MÜJDE IŞIL- Vaktiyle Türkiye’de bir kızlar orkestrası vardı. Sosyal medya çağında kadın cinayetlerini konuşurken yarım asır önce Türkiye’nin tek kanallı, birkaç mecmualı ve gazeteli medyasında beş okullu genç kızın kurduğu o orkestra gündemdeydi. Musa Ak ve Hasan Basri Özdemir’in yönettiği “Bir Orkestranın İzinde” belgeseli, yıllar sonra işte o orkestranın, yani Eroğlu Kızlar Orkestrası’nın peşine düşüyor ve bizleri hem Türkiye’nin hem de müzik tarihinde ilginç bir yolculuğa çıkarıyor.

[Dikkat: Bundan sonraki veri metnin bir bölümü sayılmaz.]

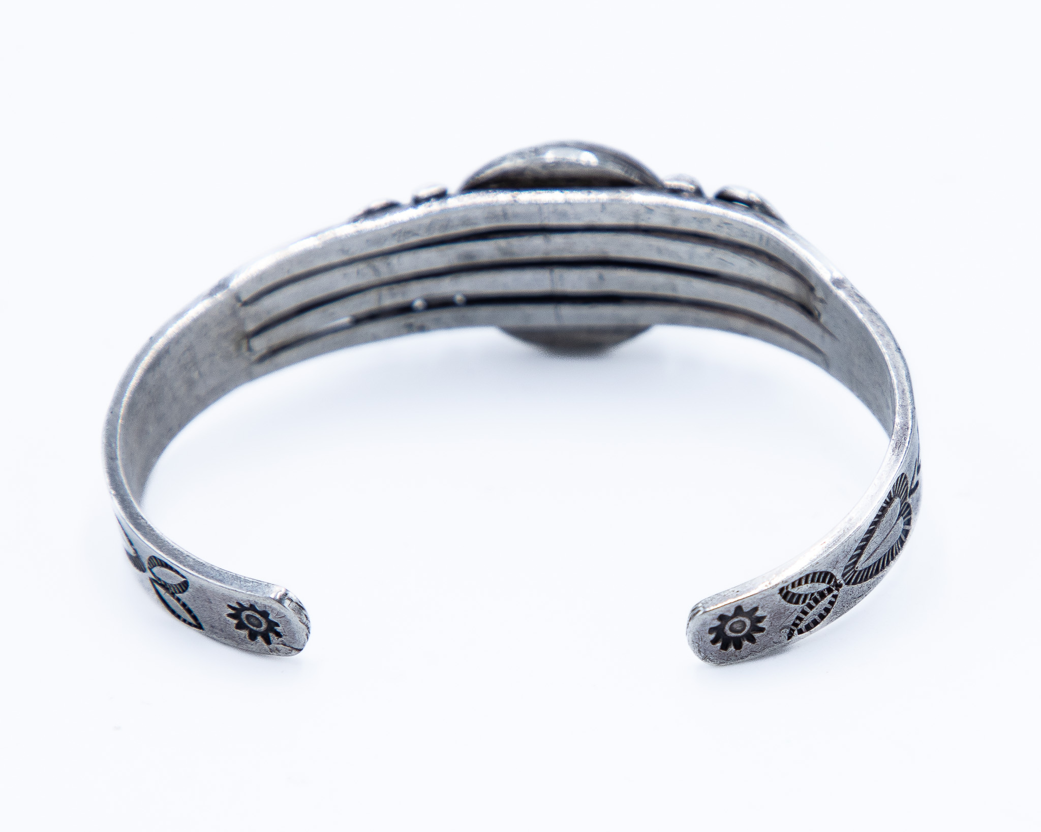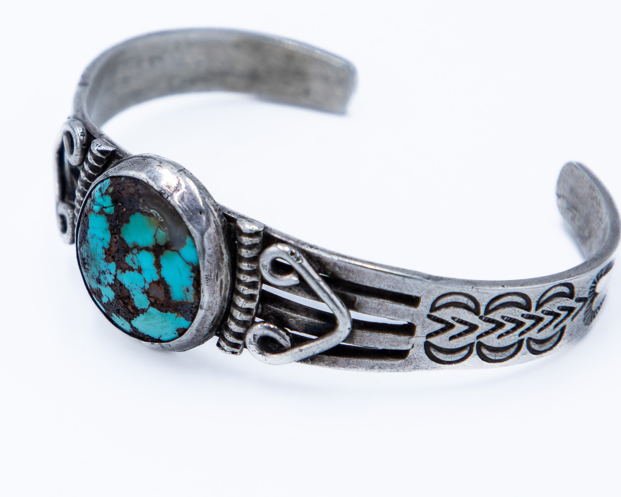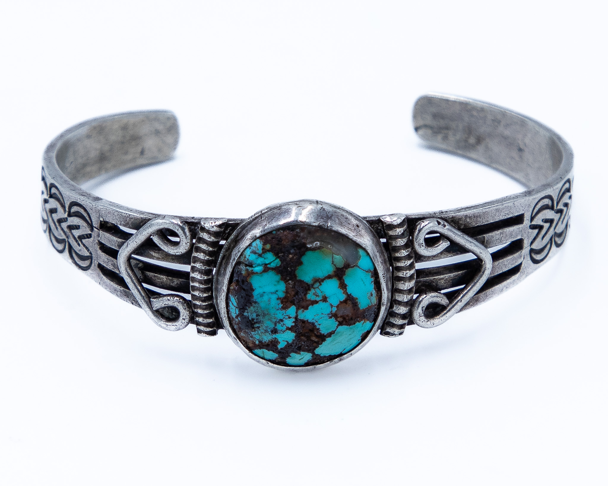 Fred Harvey Era Turquoise Sterling Cuff Bracelet 33g-Horizontal crack in stone- Maybe Morenci
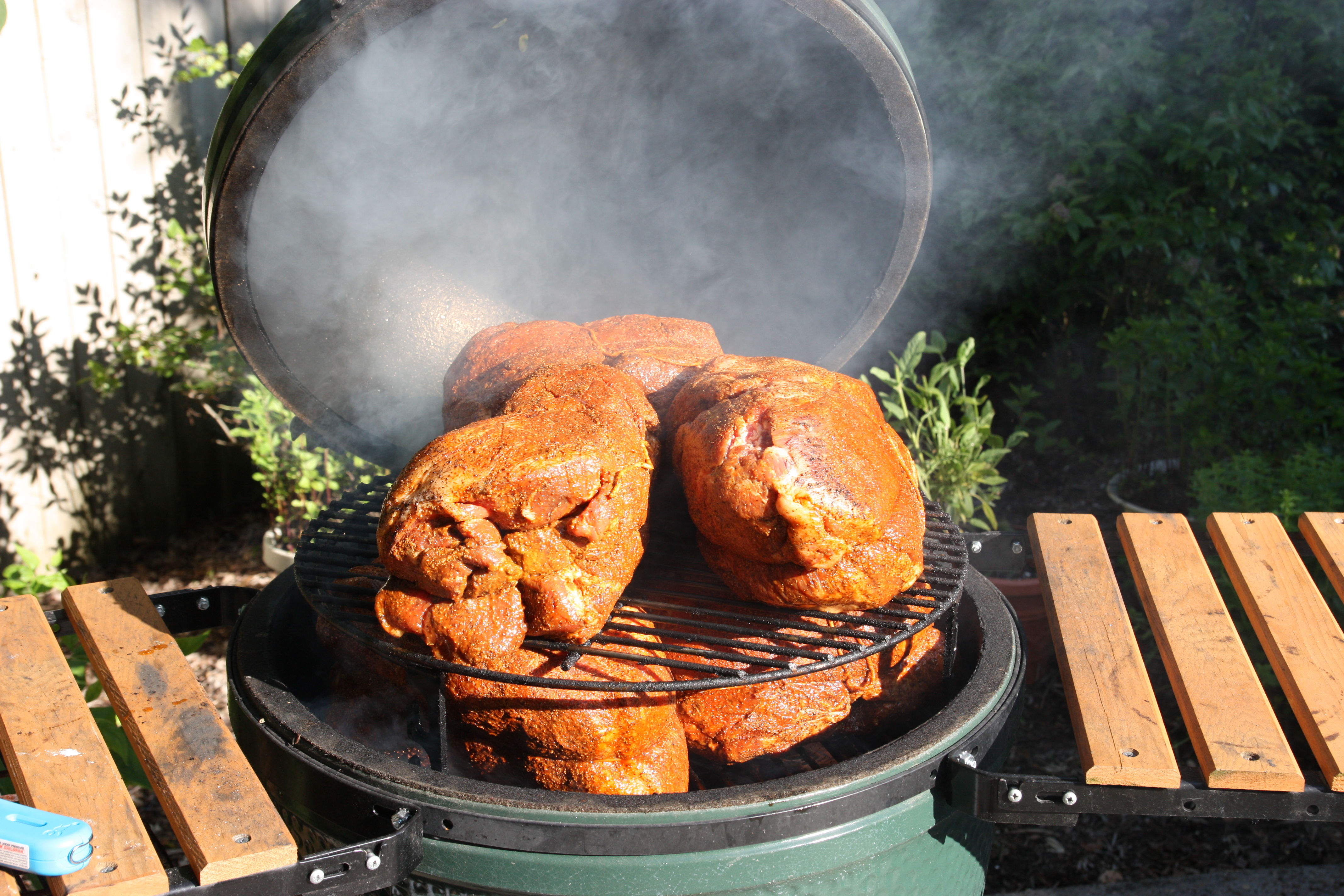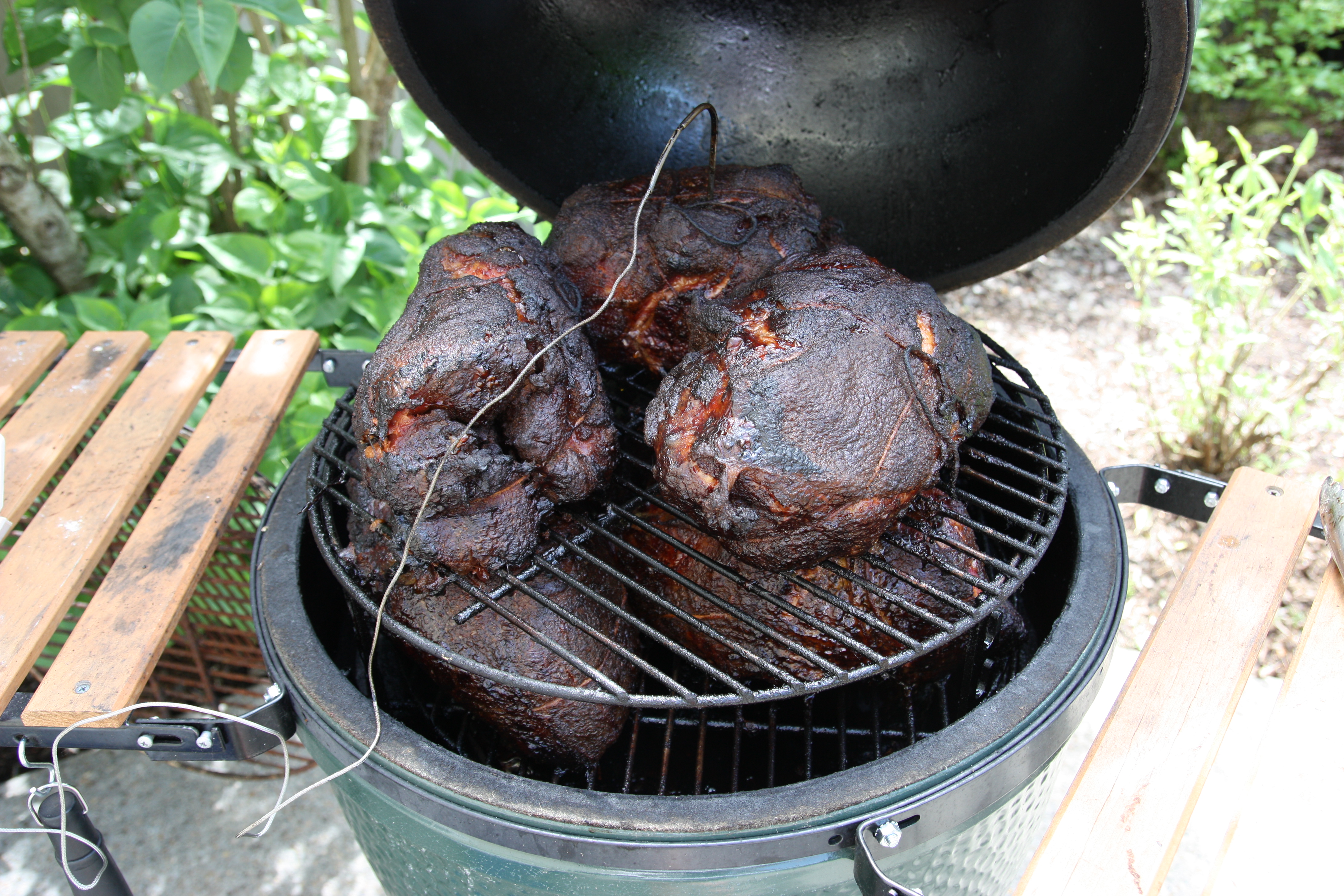 Here's a photo of Celtic Wolf doing 6 butts on a large Egg for the troops. As I remember it, he had 3 larges cooking 18 butts, and 3 larges cooking 6 whole packer briskets. Lots of meat.....

‘60’ların sonu… O zamanlar Ankara’da Türkiye’nin ilk müzik dershanesini açan müzik öğretmeni Kemal Eroğlu’nun desteğiyle beş genç kız bir orkestra kuruyor. Onlardan ikisi, Eroğlu’nun kendi kızı ve usta müzisyen Cenk Eroğlu’nun da halaları. Deniz Eroğlu (solist), Sema Eroğlu (org) Ezel Gönül (bateri), Nilüfer Darıca (bas gitar) ve Merih Kılıçaslan (ritim gitar). Hepsi daha 10’lu yaşlarının ortalarında. Eğitimlerine devam ederken müzikle de hemhal oluyorlar. Kendi besteleri yok ama popüler yabancı parçaları, bazen de yerli şarkıları çalıp yorumluyorlar. Kimse “Bu kızların sahnede ne işi var?” demiyor. Tam tersine gazetelere, dergilere boy boy haberleri yapılıyor. 20 yıl sonra ise halefleri anca geliyor ve Bursa’da Şebnem Ferah, Duygu Karpuz, Ebru Bank, Gül Ağırca, Buket Doran’dan oluşan Volvox grubu kuruluyor. Bu grup da orkestra ile benzer yollardan geçip dağılıyor ‘90’ların başında. “Bir Orkestranın İzinde” belgeseli işte bu süreçleri, orkestra üyeleri ve zamanın tanıklarıyla karşımıza getiriyor.
Hayatta her şey mümkün
Beş kişilik orkestradan Deniz ve Sema Eroğlu, Ezel Gönül ve Nilüfer Darıca var belgeselde. Artık 60’lı, 70’li yaşlarını sürerken heyecanlarını ve yeteneklerini koruduklarını görmek, seyirciye de harika hissettiriyor kendini. “Bir Orkestranın İzinde” aynı zamanda ‘60’ların, ‘70’lerin, bir dönemin ve o dönemin Ankara’sının da belgeseli. İnsanlar gibi müzik atmosferinin ve şehrin değişimini de görüyoruz. Müzik tarihiyle birlikte dönem ruhu da heyecan yaratıyor. Belgesel aslında bu grubu yarım asır sonra yeniden bir araya getirmek üzerine kurulmuş. Grubun ‘70’lerin ortasında dağılma nedeni Cenk Eroğlu’na göre kendi bestelerini yapıp albüm çıkartmamaları, grup üyelerine göre ise her birinin evlenip kendi hayatlarını kurmaları. Keşke her bir üyenin (sadece Ezel Hanım’ın eczacılık yaptığı anlatılıyor) ayrılıştan sonra neler yaşadıklarını da detaylıca öğrenebilseydik. Belgeselin finali, kurmaca kendini iyi hisset filmlerinden katbekat güçlü. Dört yetenekli kadın yıllar sonra bir araya geldiğinde, hayatta her şeyin mümkün olabileceğine ikna ediyor bizi. Öyle yaşam dolular ki “Keşke o konsere ben de şahit olsaydım” dedirtiyorlar. Bu açıdan çok emek harcanmış ve üzerine konuşulması gereken bir yapım “Bir Orkestranın İzinde”. Antalya’dan sonra Ankara Film Festivali’nde yolculuğuna devam ediyor.